Home > Other > The Last Days of the Incas > Page 12
The Last Days of the Incas Page 12

by KIM MACQUARRIE


  Pizarro was clearly amazed by Atahualpa’s sudden offer. In all of his thirty years in the Indies he had never heard of a native chief who had made such a proposition. Clearly, a roomful of gold would make this latest expedition an instant financial success. And, if such a quantity of gold were so easy to come by, then obviously he had stumbled upon an empire even richer than he had imagined. Was Atahualpa telling the truth, however? Or was he simply stalling for time? For even though the emperor had just disbanded his army—how could he know for certain that Atahualpa hadn’t simply ordered his army to reassemble nearby in order to prepare for an attack?

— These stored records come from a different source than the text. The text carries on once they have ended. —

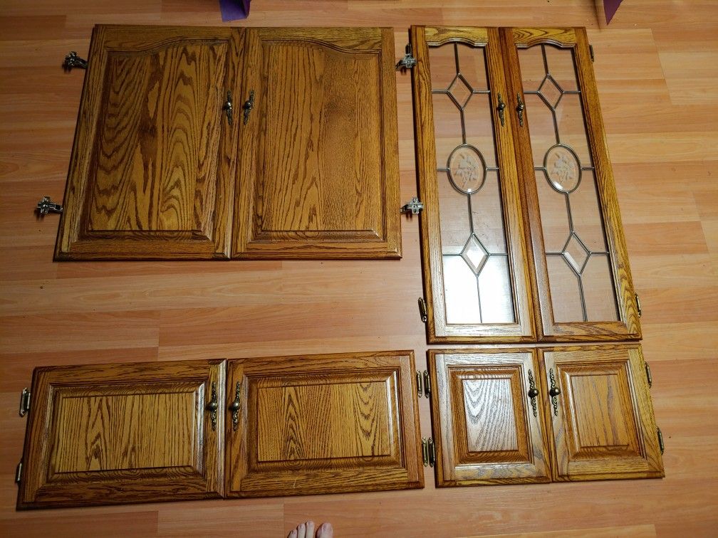 Amish made solid oak & leaded glass paired cabinet doors including stainless steel knobs & concealed soft close hinges in like new condition. Asking $50.00 or reasonable offer for entire lot. Open to trades.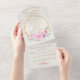 This is a beautiful and elegant wedding invitation called an "all-in-one" that contains a tear-away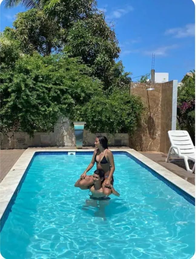 Hay una sala de estar gourmet con aire acondicionado, TV inteligente, TV por cable y barbacoa frente a la piscina. Una bañera de hidromasaje junto a un horno de pizza con vistas a un río y palmeras . Junto a la piscina hay otra barbacoa. Está a 50 metros de la playa, cerca de excelentes bares, restaurantes, aeropuerto, transporte público, supermercados, zona comercial, lugares para practicar deportes, iglesias, gimnasios. Es un buen lugar para parejas, viajeros solitarios, viajeros de negocios y familias.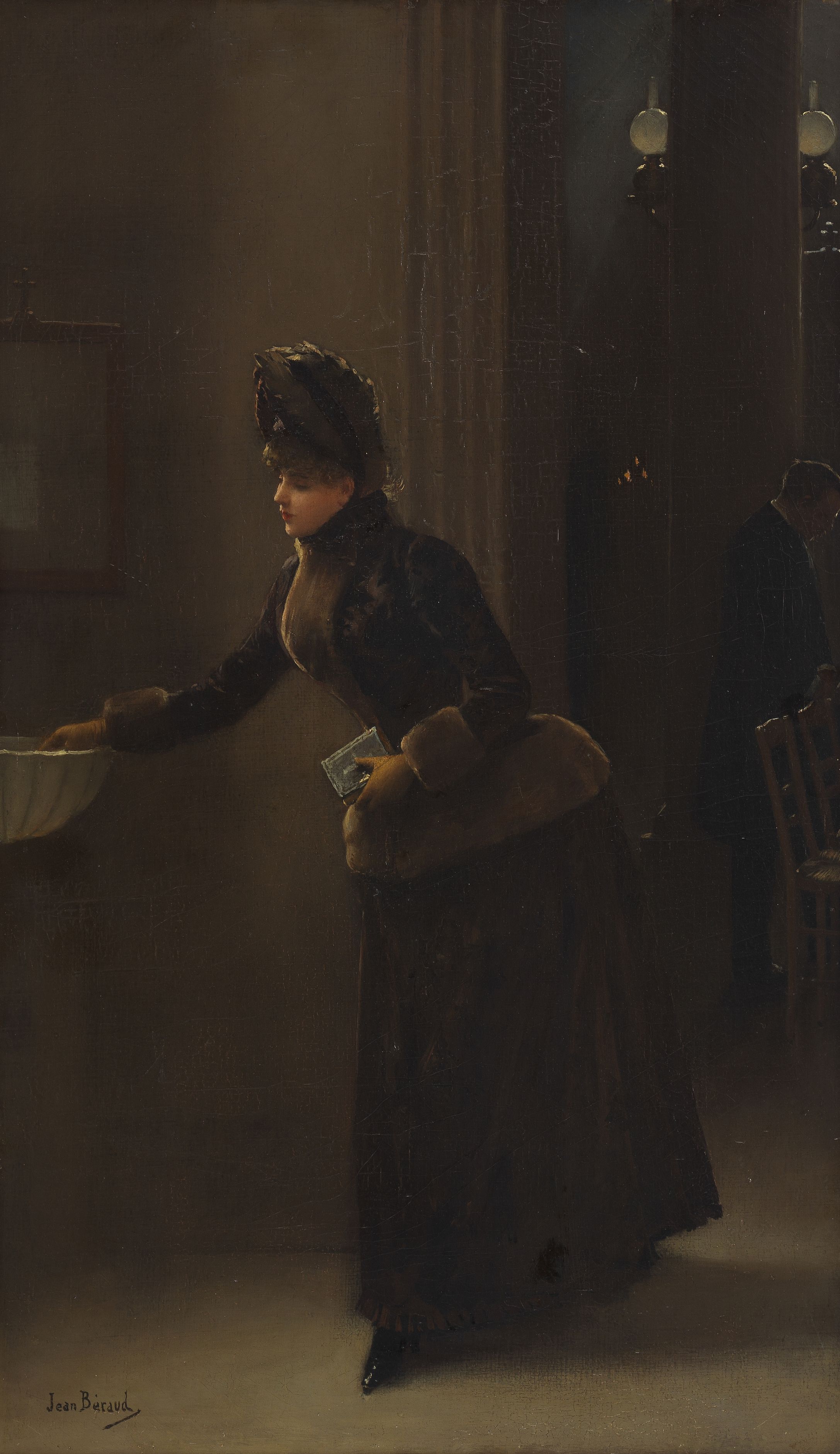 Femme élégante dans un vestibule, huile sur toile, signée, 65x39...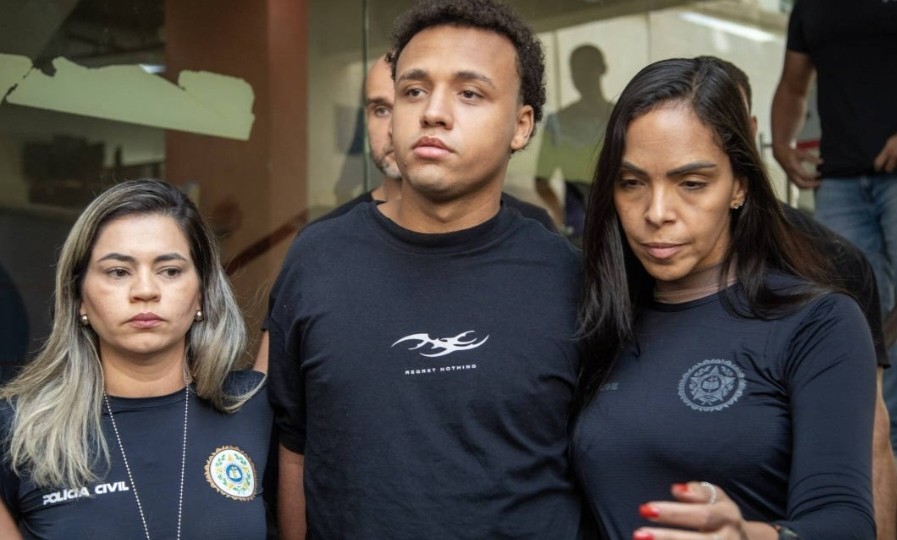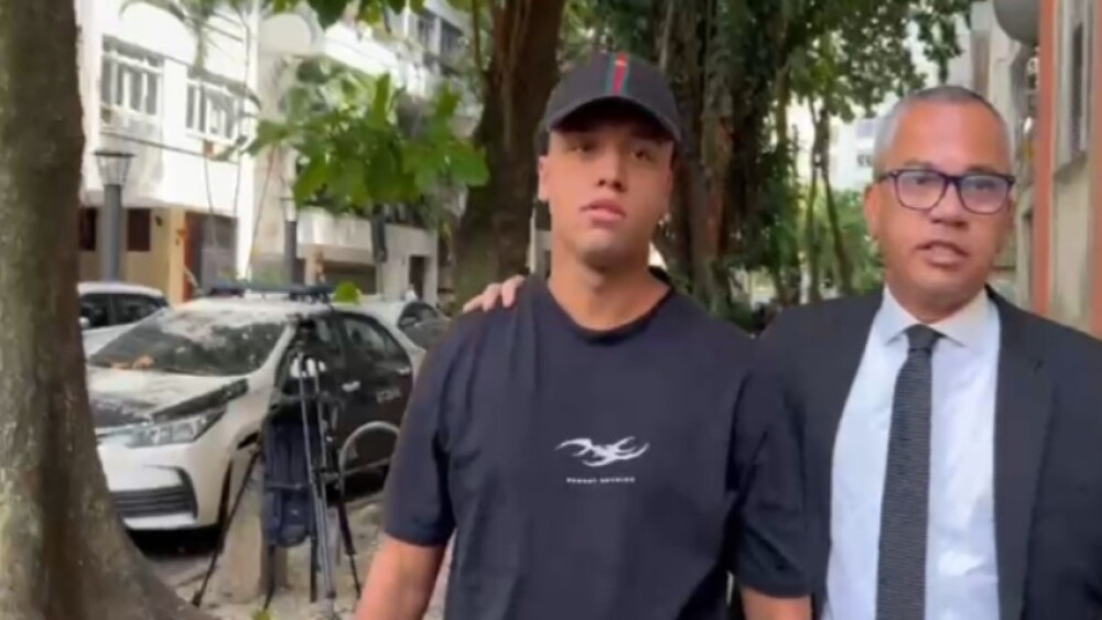 Vitor Hugo Simonin, acusado de envolvimento no estupro coletivo de uma jovem de 17 anos no Rio de Janeiro, se entregando à polícia. Foto: Divulgação

  Pizarro still didn’t understand the vast dimensions of the empire he had invaded, one that enclosed roughly three times the landmass of modern Spain, was five times its length, and had twice its population. If Atahualpa’s offer, however, provided strong evidence that the empire must be vast, the emperor’s next answer confirmed it. “How long will your messengers take to go to the city of Cuzco?” Pizarro asked, and then watched Atahualpa’s expression intently as the translator converted Spanish into the Incas’ runasimi:

  Atahualpa replied that when he needed a message to be delivered in a hurry, that [the messengers] run in relays from village to village and that the message arrives [in Cuzco] in five days. But if the men who start with the message go the whole way, though they be swift men, they will take fifteen days.

  Upon further questioning, Atahualpa presumably stated that while Cuzco was quite distant, it was located perhaps only at the midway point in the length of his empire. Couriers racing in relays from one end of the empire to the other, from sunup to sundown, Atahualpa indicated, would take nearly twenty days, or forty days for a round-trip. For the first time since his arrival, Pizarro began to realize just how immense the empire was whose ruler he had seized.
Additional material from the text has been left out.